An exact transcription is needed of the lines below from the one with "Now, summon Dendrograna" through the one with "BOOTY WIPES for", with no other lines and no pictures.

• **Material shown**:
########

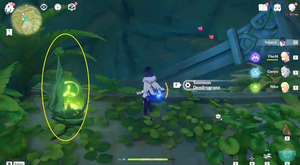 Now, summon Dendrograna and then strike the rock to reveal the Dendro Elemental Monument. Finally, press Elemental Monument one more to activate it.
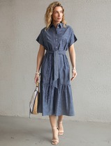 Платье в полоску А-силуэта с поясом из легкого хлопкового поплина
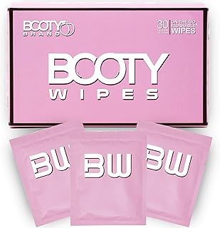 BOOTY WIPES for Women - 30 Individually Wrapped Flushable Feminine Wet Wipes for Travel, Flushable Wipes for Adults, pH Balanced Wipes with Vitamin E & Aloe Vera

########

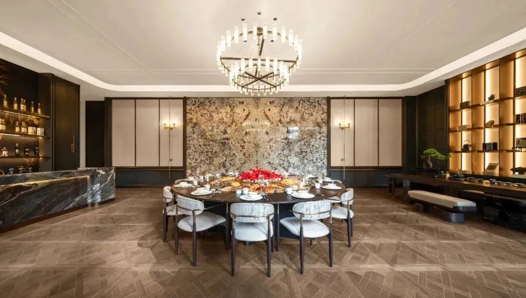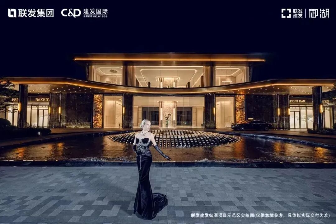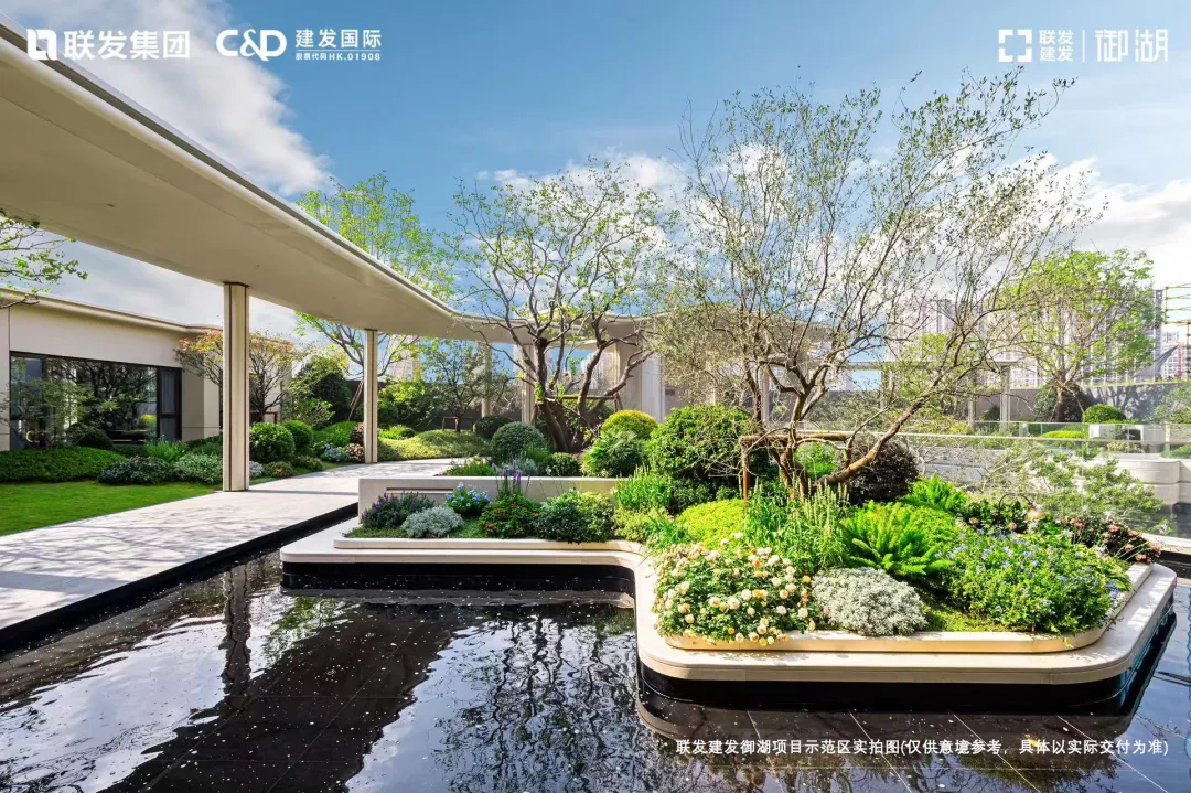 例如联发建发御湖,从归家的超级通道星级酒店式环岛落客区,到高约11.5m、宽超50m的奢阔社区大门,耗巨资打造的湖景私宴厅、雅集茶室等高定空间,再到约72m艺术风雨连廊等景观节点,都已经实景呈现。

########

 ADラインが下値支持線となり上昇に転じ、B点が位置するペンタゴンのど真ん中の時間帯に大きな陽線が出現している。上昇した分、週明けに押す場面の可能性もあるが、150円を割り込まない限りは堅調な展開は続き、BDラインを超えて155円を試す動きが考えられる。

########

• **Response**:
 Now, summon Dendrograna and then strike the rock to reveal the Dendro Elemental Monument. Finally, press Elemental Monument one more to activate it.
 Платье в полоску А-силуэта с поясом из легкого хлопкового поплина
 BOOTY WIPES for Women - 30 Individually Wrapped Flushable Feminine Wet Wipes for Travel, Flushable Wipes for Adults, pH Balanced Wipes with Vitamin E & Aloe Vera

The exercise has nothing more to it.